§ Source data

○ ○ ○ ○ ○ ○ ○

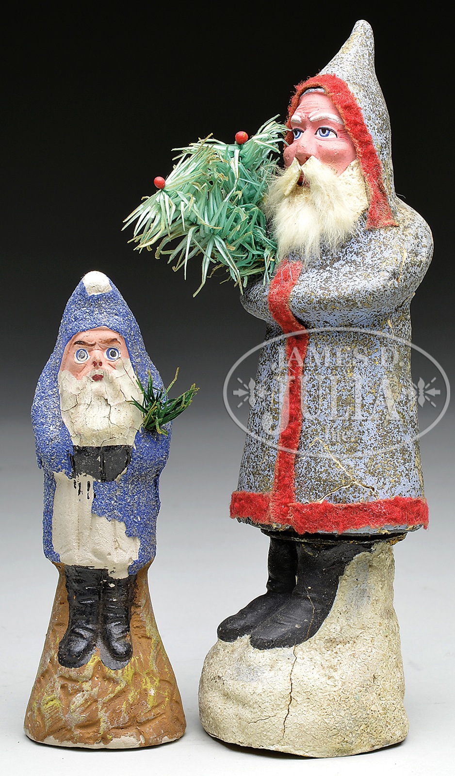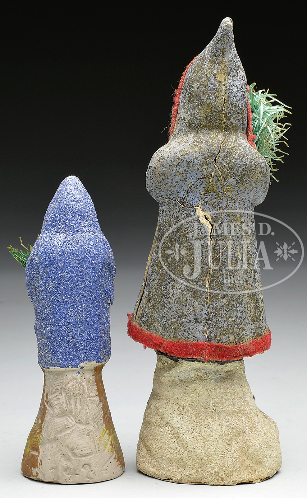 TWO STANDING BLUE FIGURAL SANTAS.Larger German Santa has rabbit’s fur beard and felt trimmings to molded composition body. Retains original feather tree sprig. Smaller Belsnickle Santa shows blue coat with mica decoration. SIZE: Larger is 9-1/2″ h. CONDITION: Larger Santa shows several cracks and separations through body and base. Smaller Belsnickle has crazing to beard area and missing blue decoration at tip of hat. 1-13958 (300-500) – Lot 3527 Auction: Advertising, Toy & Doll - Spring 2014 Please Note: All prices include the hammer price plus the buyer’s premium, which is paid by the buyer as part of the purchase price. The prices noted here after the auction are considered unofficial and do not become official until after the 46th day. |
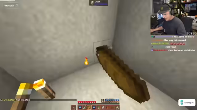 04:50:33Nach der Stabilisierung der Basis weitet sich der Fokus auf zukünftige Ziele wie die Herstellung von Lava in einem Tiegel und die Weiterentwicklung der Werkzeuge. Der Stream enthält auch persönliche und unterhaltsame Digressionen, darunter Anekdoten über die Edeltour und persönliche Geschichten. Der Streamer kündigt zukünftige Inhalte an, wie einen Charity-Stream und mögliche Minecraft-Sessions.
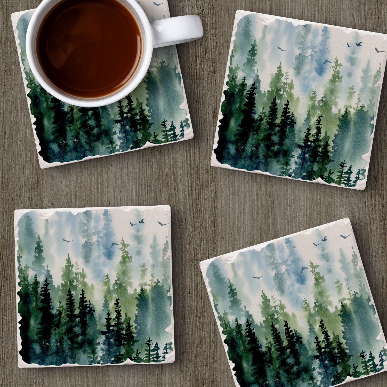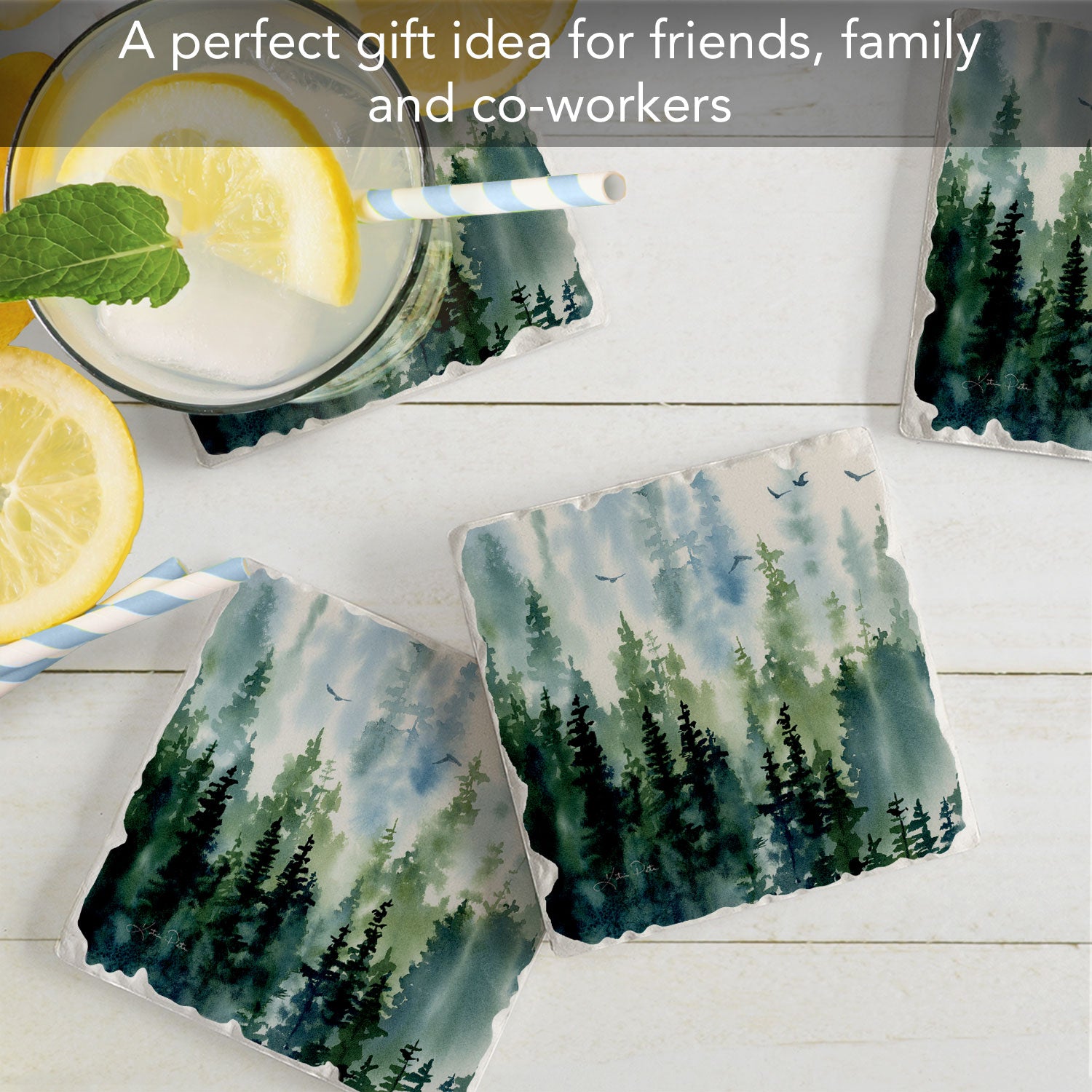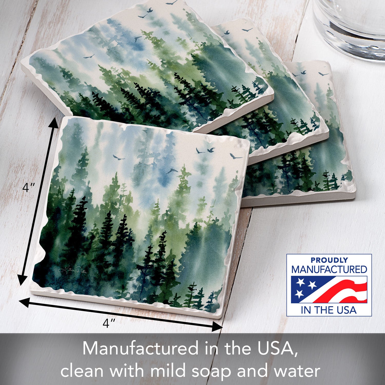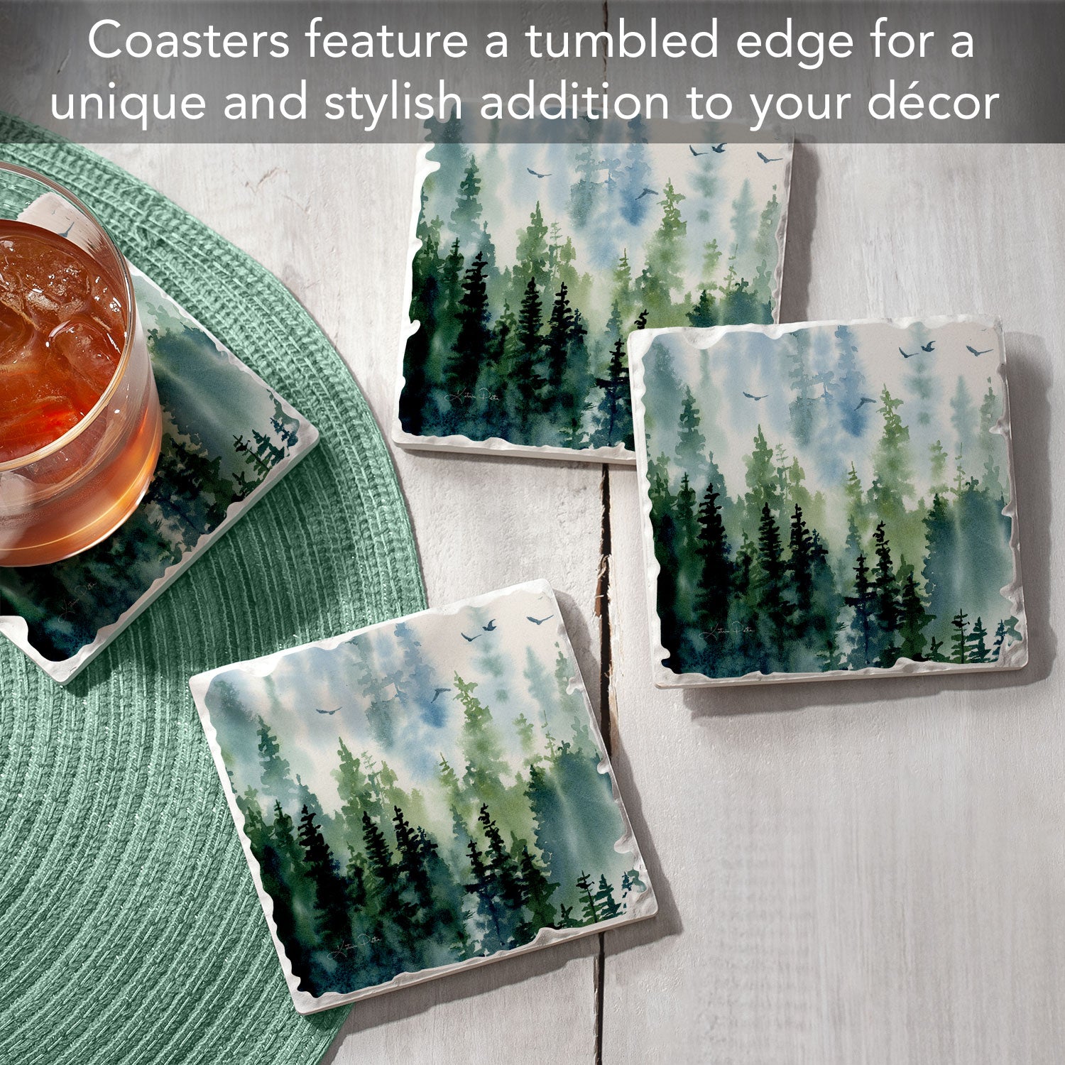 Thirstystone Treeline 4 Pack Tumbled Tile Stone Coasters 4" Square Manufactured in the USA

○ ○ ○ ○ ○ ○ ○

§ Task brief
Print the material word for word without images.

§ Task answer
 TWO STANDING BLUE FIGURAL SANTAS.Larger German Santa has rabbit’s fur beard and felt trimmings to molded composition body. Retains original feather tree sprig. Smaller Belsnickle Santa shows blue coat with mica decoration. SIZE: Larger is 9-1/2″ h. CONDITION: Larger Santa shows several cracks and separations through body and base. Smaller Belsnickle has crazing to beard area and missing blue decoration at tip of hat. 1-13958 (300-500) – Lot 3527 Auction: Advertising, Toy & Doll - Spring 2014 Please Note: All prices include the hammer price plus the buyer’s premium, which is paid by the buyer as part of the purchase price. The prices noted here after the auction are considered unofficial and do not become official until after the 46th day. |
 04:50:33Nach der Stabilisierung der Basis weitet sich der Fokus auf zukünftige Ziele wie die Herstellung von Lava in einem Tiegel und die Weiterentwicklung der Werkzeuge. Der Stream enthält auch persönliche und unterhaltsame Digressionen, darunter Anekdoten über die Edeltour und persönliche Geschichten. Der Streamer kündigt zukünftige Inhalte an, wie einen Charity-Stream und mögliche Minecraft-Sessions.
 Thirstystone Treeline 4 Pack Tumbled Tile Stone Coasters 4" Square Manufactured in the USA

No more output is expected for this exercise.